The best and only true master of a digital release is the one at the NATIVE RATE in the mastering session. Any alteration to that master is a LOSS in QUALITY and artistic intention, etc.
A great converter at 44.1 blows away a lesser converter at 96k, a great engineer at any rate blown away a lesser engineer. Quality is not a sample rate number. Please stop."

"I could print with Pacific Microsonics Model Two at 192 and I choose 44.1. Others have their methods and work flow. Like everything in the studio it's about work flow and the taste of the engineer.
Nothing objectively better in higher rates. It's the gear and the ears not the sample rate. Marketing exists why? To make you think you need something and to take your money creating fear of NOT HAVING THE BEST! The native session rate is always the best master ... always ... and great 44.1 captures all, plus has no need to be converted to 44.1. 44.1 is not evil and is still the universal release rate.
44.1 with great hardware has MANY SONIC ADVANTAGES which have been lost in this penis measuring era of listening to air and details and comparing rates, nothing about music in that. It's just making some audiophiles feel important about themselves as they are fleeced.
Sorry if that hurts, yet it's the truth."

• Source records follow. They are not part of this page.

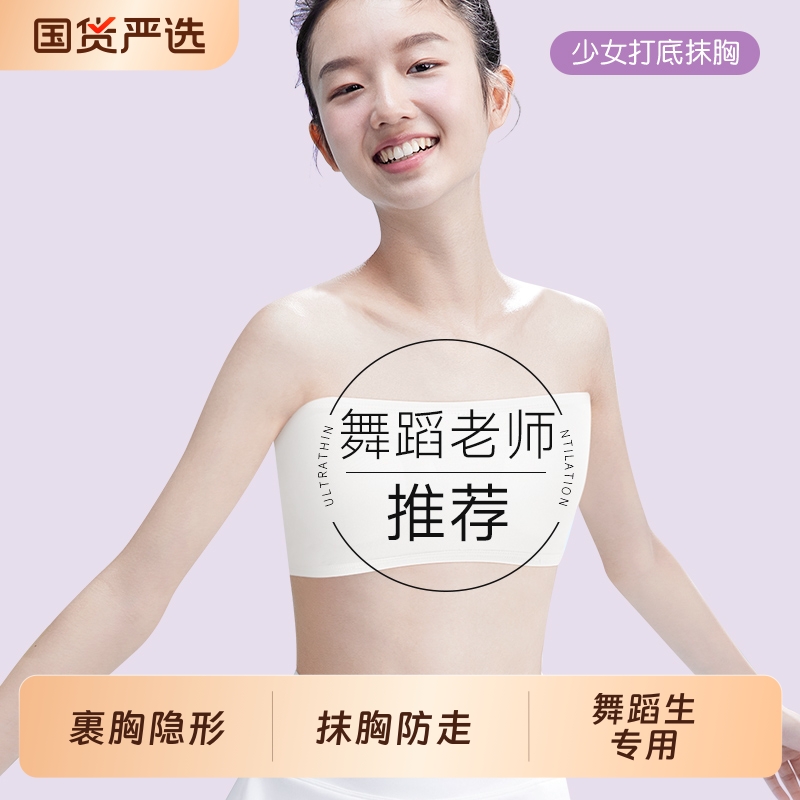 少女抹胸内衣女大童无肩带裹胸女童儿童舞蹈隐形背心跳舞无带胸垫
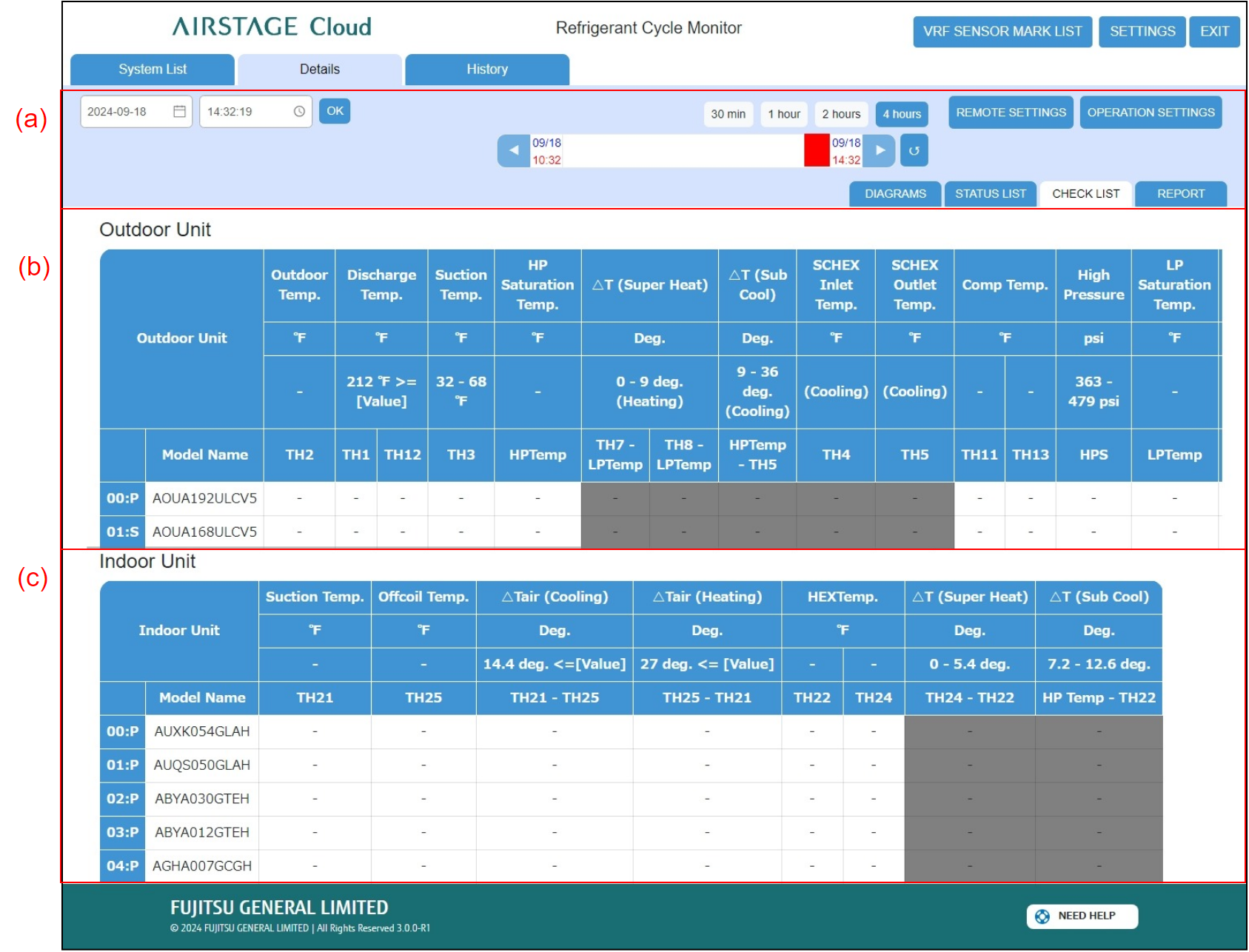 The sensor value calculated in the condition set at Control area is displayed for each outdoor / indoor unit. The judgment results are also displayed. If the calculated sensor value is deviated from the normal value, the background of the data cell becomes red.
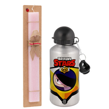 Brawl Stars Edgar, Easter Set, metallic Silver aluminum water bottle (500ml) & scented flat Easter candle (30cm) (PINK)
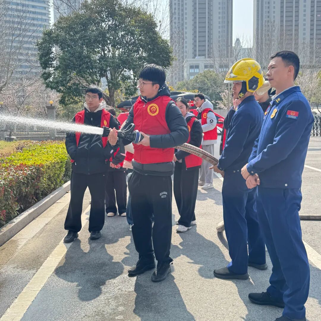 随后,盐都区消防救援大队消防队员带领盐城市一中师生近距离参观了多类消防车,详细讲解了消防车的构造、功能及随车救援装备的用途,从高压水枪、破拆工具到空气呼吸器、急救设备,每一件装备的功能与使用场景都被细致解读,让同学们直观感受到了消防救援工作的专业与严谨。在消防队员的专业指导下,同学们体验了消防水带的连接与使用,感受到了消防装备的重量与力量;当大家穿上厚重的消防服,真切体会到消防员们每次出警时身着“战衣”的负重前行,也更深刻地理解了这份职业背后的责任与坚守。沉浸式的消防研学体验,不仅让盐城市一中同学们近距离感受了消防职业的艰辛与伟大,学会了系统、实用的消防安全知识,掌握了基础的消防实操技能,更让大家肩负起了消防安全“宣传员”“践行者”的使命。
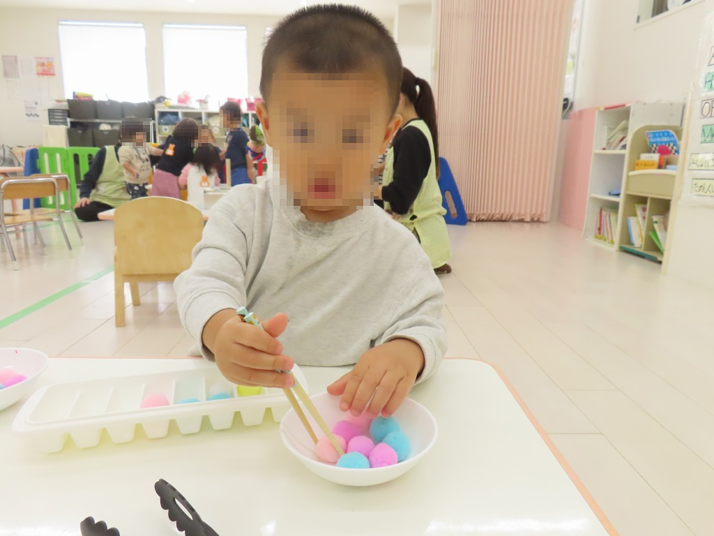 トングや箸を使った空け移し、紐通し、棒差し、洗濯ばさみあそびなど好きなあそびを選んで活動しています。

"I'm a mastering engineer, and I regularly print at 24/44.1 for the sonic advantages of 44.1 that are not often discussed. MQA taken from my 24/44.1 files to 24/44.1 MQA sounds off for sure, not true to the source.
"It sounds better to me" is really not of any value in this discussion , we need to compare to the source files, and THEN watch out for louder/brighter tricking us. MQA has harmonic distortion (louder) and alters the freq balance (brighter). This is an old trick in A?B of any audio."

Some source first principles.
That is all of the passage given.